Hi, A friend recommended this forum to me so I thought I would pop along and see what it is all about and introduce myself quickly. I found out at age 28 that I have Premature Ovarian Faliure, unfortunately it took quite a few years for doctors to agree there was something wrong with me, I think the menopause started when I was around 20-22, it is due to Xq deletion which I believe means that one of the long arms of my X Chromosome (the part that controls the female reproductive system) is damaged.
My Husband & I have been on the IVF with Egg Donation waiting list at Bristol Southmead clinic for 2 years now and at the last update we were told it could be up to another 15 months, so at the moment it is still a waiting game. I am trying to get myself clued up about IVF in the meantime and find out what is in store..... MY Niece and God-Daughters give me plenty of practical practice with kids too if it ever does happen for us!
I try to stay positive and like to raise awareness about infertility and egg donation wherever and whenever I can, as while talking to people about my condition I noticed that there really isn't a lot of knowledge out there 
I love meeting new people and talking to people, I find that talking to other people who are in the same/similar situation really does help, so if anybody would like to contact me it would be great to hear from you


----------



## VEC (May 29, 2007)

Jue! FF is a lifeline for those seeking support, information and friendship whilst going through fertility issues. Fellow FF members are fantastic pressure valves when family, friends, doctors and partners often just don't "get" what you're going through. It has held my hand throughout treatment and I've made some great friends and gained a vast amount of knowledge, both of which are key factors in at least maintaining some level of sanity!

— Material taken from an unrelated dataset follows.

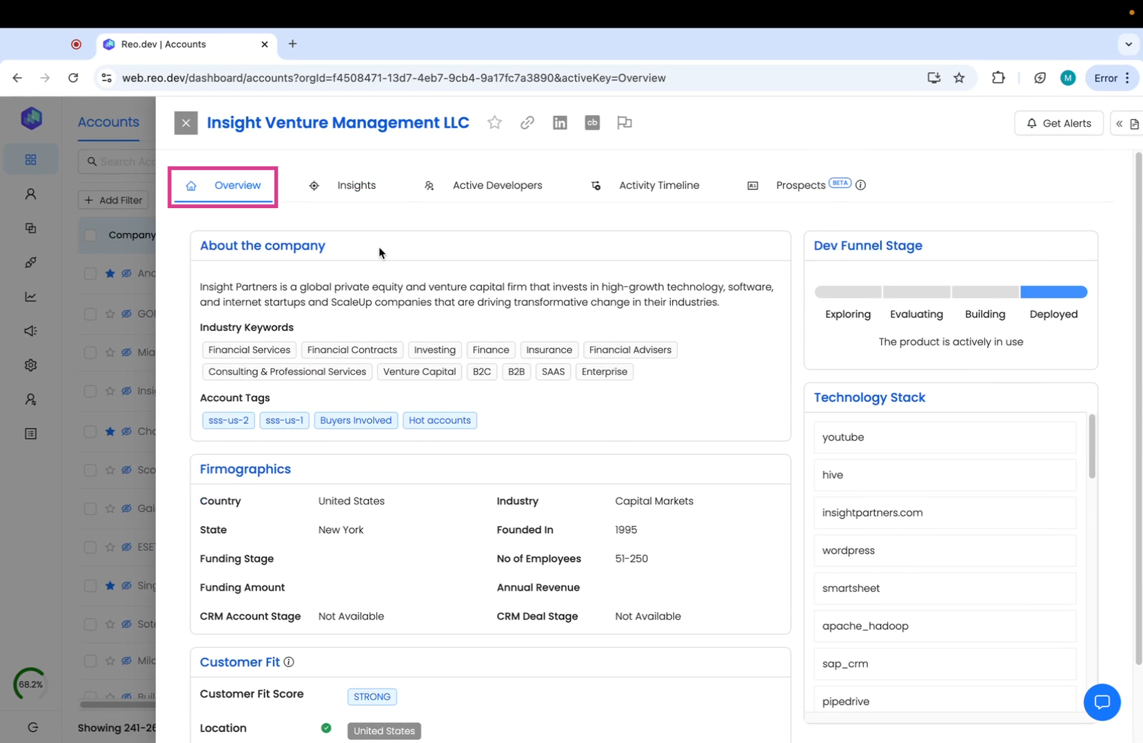 The company overview section gives you a comprehensive view of the company.

I'm sorry to hear that you are being made to wait SO long for your IVF, that's more than a waiting game, more like a waiting marathon! I hope that things get moving for you very soon - I take it you are doing it on the NHS, because I think that private waiting lists are a bit shorter. And I know that you have clearly had a bit of time to get your head around POF, but I'm sorry to hear that too - it must be so tough to go through that so young.   For different reasons (I'm old, my eggs are scrambled) we have ended up using donor eggs thanks to the generosity of a woman in the Czech Republic, as a result of which we have a beautiful little boy. Oh, and although I know some people prefer to keep such things private, I too think that the more I talk to people about fertility issues the more that it becomes more acceptable, more normal and also the more that you may unwittingly help others who are keeping quiet about similar problems.

Have a look around the site, post wherever you like, and make yourself at home. Whatever your circumstances, there will be someone who is going through a similar situation and who can offer support and information.

I've added some links which you may find helpful:

*POF / Early Menopause ~ * CLICK HERE

*A Rough Guide To IVF CLICK HERE

Questions for your first cycle consultation ~ (use the ones that apply) CLICK HERE

Donor sperm/eggs ~ CLICK HERE

Complementary, Holistic and Spiritual Approaches ~ CLICK HERE 

You can also "meet" and chat with people in your local area through the Location boards. This is especially useful to find people who may be using the same clinic and or in the same PCT area.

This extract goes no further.